What the task asks :: When the data below is printed, every line must match exactly and the images must be absent.
*** Opening Provided information ***
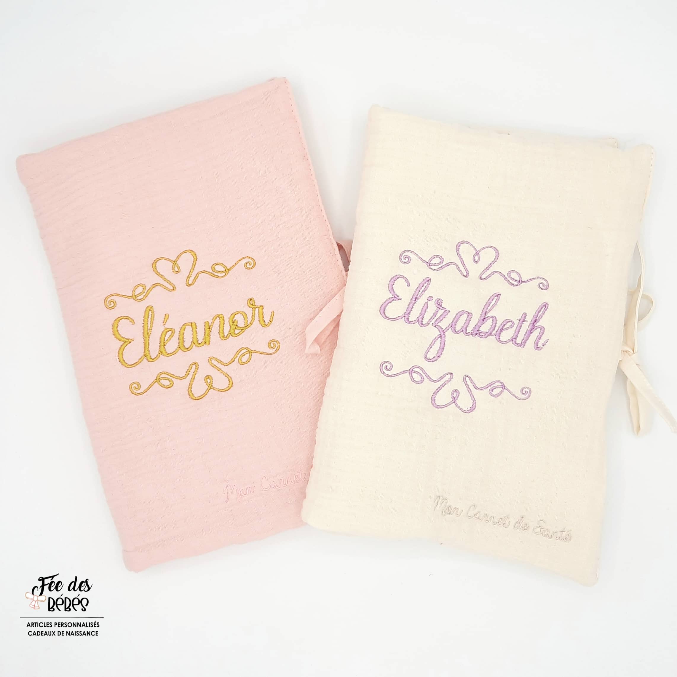 Si vous cherchez à offrir un cadeau de naissance personnalisé, ce protège carnet de santé est la réponse. Les futurs parents seront touchés par tant d’attention et de soin. Ils imagineront déjà leur mignon petit trésor, son bavoir personnalisé autour du cou, emmitouflé dans son pyjama assorti, se dirigeant vers son premier rendez-vous médical avec son élégant protège carnet en gaze de coton. Pour fille ou garçon, couleur noisette, crème, rose ou encore vert paon, ils se démarqueront tout en finesse.
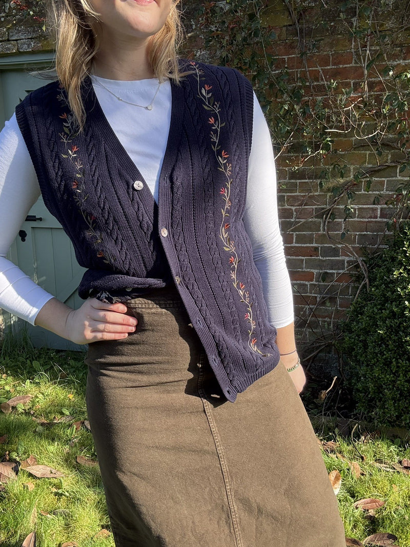 Vintage Size M 10-14 Navy Cottage Flower Embroidered Cotton Knit Vest Tulchan
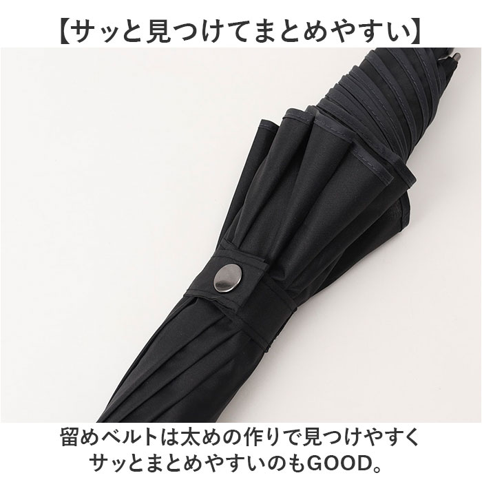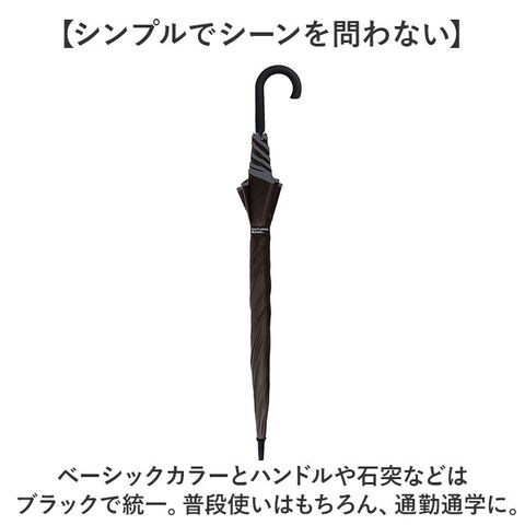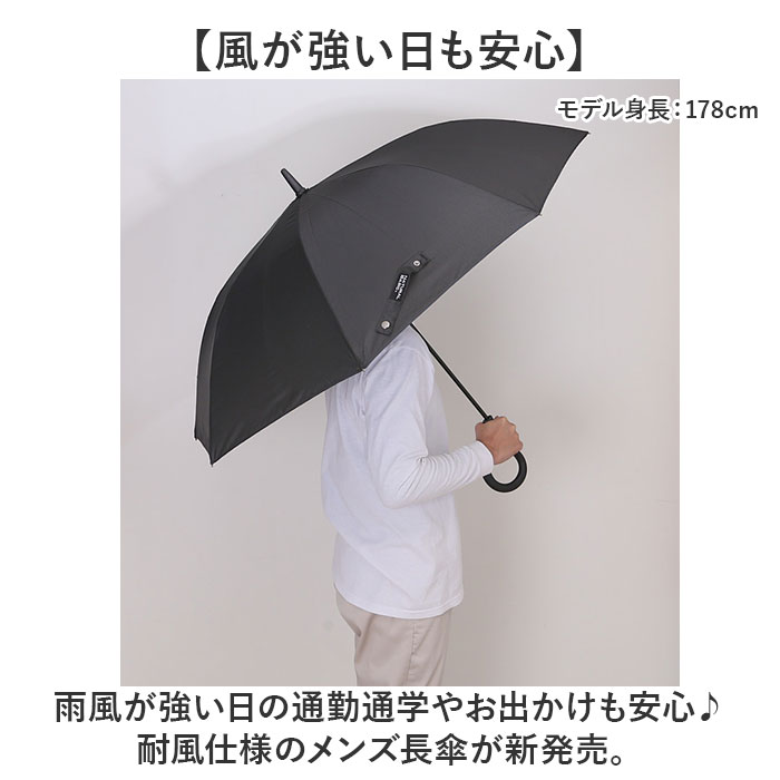 | 商品説明 | 【風が強い日も安心】雨風が強い日の通勤通学やお出かけも安心♪耐風仕様のメンズ長傘が新発売。【風に強く丈夫な素材】親骨と受け骨は全てグラスファイバーを使用。しなやかで折れにくいのが一番のポイント!【大柄な男性でも安心】男性の体もすっぽりと収まる親骨65mサイズ。開くと直径約112cmとビッグサイズ♪【サッと開くジャンプ式】ワンタッチで開くジャンプ式の傘。片手が荷物で埋まっている時もサッと開ける◎【手元にボタンで開きやすい】ハンドルの手元に傘を開くボタンが付いているAジャンプボタン。【滑りにくい石突】石突の先端はラバー素材になっており、壁やフェンスなどに立てかけている時に倒れにくい。【シンプルでシーンを問わない】ベーシックカラーとハンドルや石突などはブラックで統一。普段使いはもちろん、通勤通学に。【日差し対策用にも】紫外線をカットする機能もあり、晴れている日のお出かけのお供に。※【スナップボタン式のベルト】留めバンドは、スナップボタン仕様でパチッと留めるだけでOK。【サッと見つけてまとめやすい】留めベルトは太めの作りで見つけやすくサッとまとめやすいのもGOOD。【荷物や送迎が多い女性の方に】大きなサイズで雨からカバーしてくれるので荷物が多い時や送迎用として女性の方にも!【注意事項】※ カラーにより紫外線カット率が異なります。 |
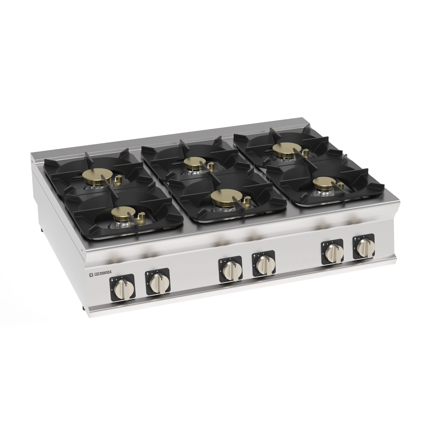 Kuchnia gastronomiczna gazowa 6-palnikowa z żeliwnym rusztem, nastawna, 80 cm, 48 kW | TECNOINOX 313280
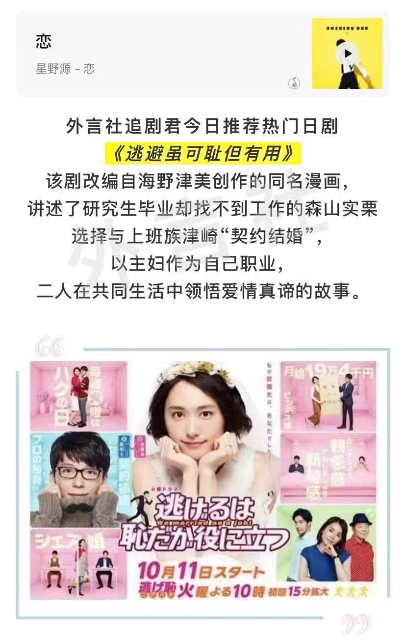 寒冷的冬季最适合呆在温暖的被窝里刷剧啦️~推荐日剧《逃避虽可耻但有用》剧集的故事设计十分扎实,共感度很强,让观众跟着男女主角一步步
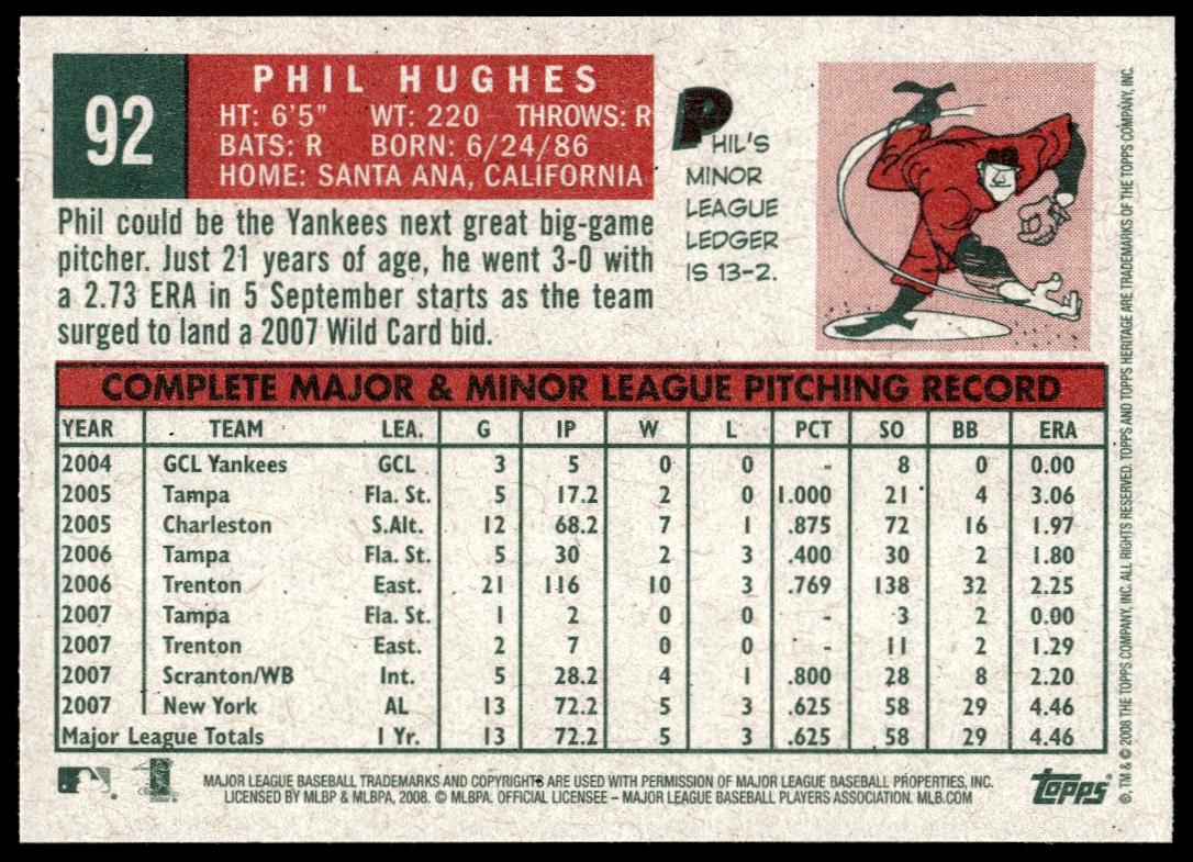 This BaseballΒ card, from 2008 is part of the Topps HeritageΒ card set. Phil Hughes is featured and has a card number of 92.
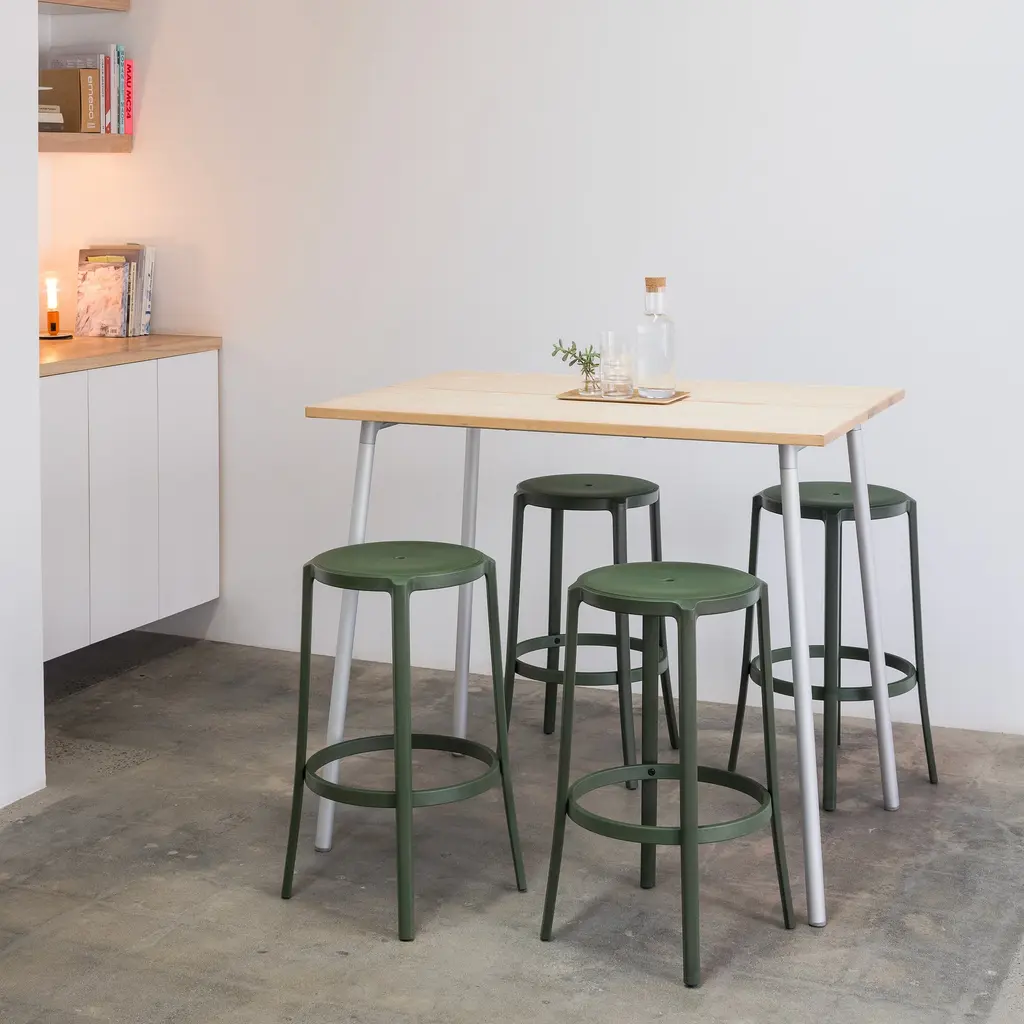 Emeco and Barber & Osgerby introduce “On & On”, a collection of chairs and stools that breaks new ground with a circular way of thinking, combining longevity of design, durability, and the use of recycled materials that can be recycled again – on and on. The starting point for our collaboration was the next generation of a simple and timeless café chair, engineered for strength and designed specifically with recycling in mind. Together, Emeco and Barber & Osgerby have created a collection of chairs and stools that are physically and visually lightweight, yet extremely strong and durable, making them suitable for both demanding commercial environments and domestic use, indoors and out. Features
*** Closing Provided information ***
Completed exercise ::
 Si vous cherchez à offrir un cadeau de naissance personnalisé, ce protège carnet de santé est la réponse. Les futurs parents seront touchés par tant d’attention et de soin. Ils imagineront déjà leur mignon petit trésor, son bavoir personnalisé autour du cou, emmitouflé dans son pyjama assorti, se dirigeant vers son premier rendez-vous médical avec son élégant protège carnet en gaze de coton. Pour fille ou garçon, couleur noisette, crème, rose ou encore vert paon, ils se démarqueront tout en finesse.
 Vintage Size M 10-14 Navy Cottage Flower Embroidered Cotton Knit Vest Tulchan
 | 商品説明 | 【風が強い日も安心】雨風が強い日の通勤通学やお出かけも安心♪耐風仕様のメンズ長傘が新発売。【風に強く丈夫な素材】親骨と受け骨は全てグラスファイバーを使用。しなやかで折れにくいのが一番のポイント!【大柄な男性でも安心】男性の体もすっぽりと収まる親骨65mサイズ。開くと直径約112cmとビッグサイズ♪【サッと開くジャンプ式】ワンタッチで開くジャンプ式の傘。片手が荷物で埋まっている時もサッと開ける◎【手元にボタンで開きやすい】ハンドルの手元に傘を開くボタンが付いているAジャンプボタン。【滑りにくい石突】石突の先端はラバー素材になっており、壁やフェンスなどに立てかけている時に倒れにくい。【シンプルでシーンを問わない】ベーシックカラーとハンドルや石突などはブラックで統一。普段使いはもちろん、通勤通学に。【日差し対策用にも】紫外線をカットする機能もあり、晴れている日のお出かけのお供に。※【スナップボタン式のベルト】留めバンドは、スナップボタン仕様でパチッと留めるだけでOK。【サッと見つけてまとめやすい】留めベルトは太めの作りで見つけやすくサッとまとめやすいのもGOOD。【荷物や送迎が多い女性の方に】大きなサイズで雨からカバーしてくれるので荷物が多い時や送迎用として女性の方にも!【注意事項】※ カラーにより紫外線カット率が異なります。 |
 Kuchnia gastronomiczna gazowa 6-palnikowa z żeliwnym rusztem, nastawna, 80 cm, 48 kW | TECNOINOX 313280
 寒冷的冬季最适合呆在温暖的被窝里刷剧啦️~推荐日剧《逃避虽可耻但有用》剧集的故事设计十分扎实,共感度很强,让观众跟着男女主角一步步
 This BaseballΒ card, from 2008 is part of the Topps HeritageΒ card set. Phil Hughes is featured and has a card number of 92.
 Emeco and Barber & Osgerby introduce “On & On”, a collection of chairs and stools that breaks new ground with a circular way of thinking, combining longevity of design, durability, and the use of recycled materials that can be recycled again – on and on. The starting point for our collaboration was the next generation of a simple and timeless café chair, engineered for strength and designed specifically with recycling in mind. Together, Emeco and Barber & Osgerby have created a collection of chairs and stools that are physically and visually lightweight, yet extremely strong and durable, making them suitable for both demanding commercial environments and domestic use, indoors and out. Features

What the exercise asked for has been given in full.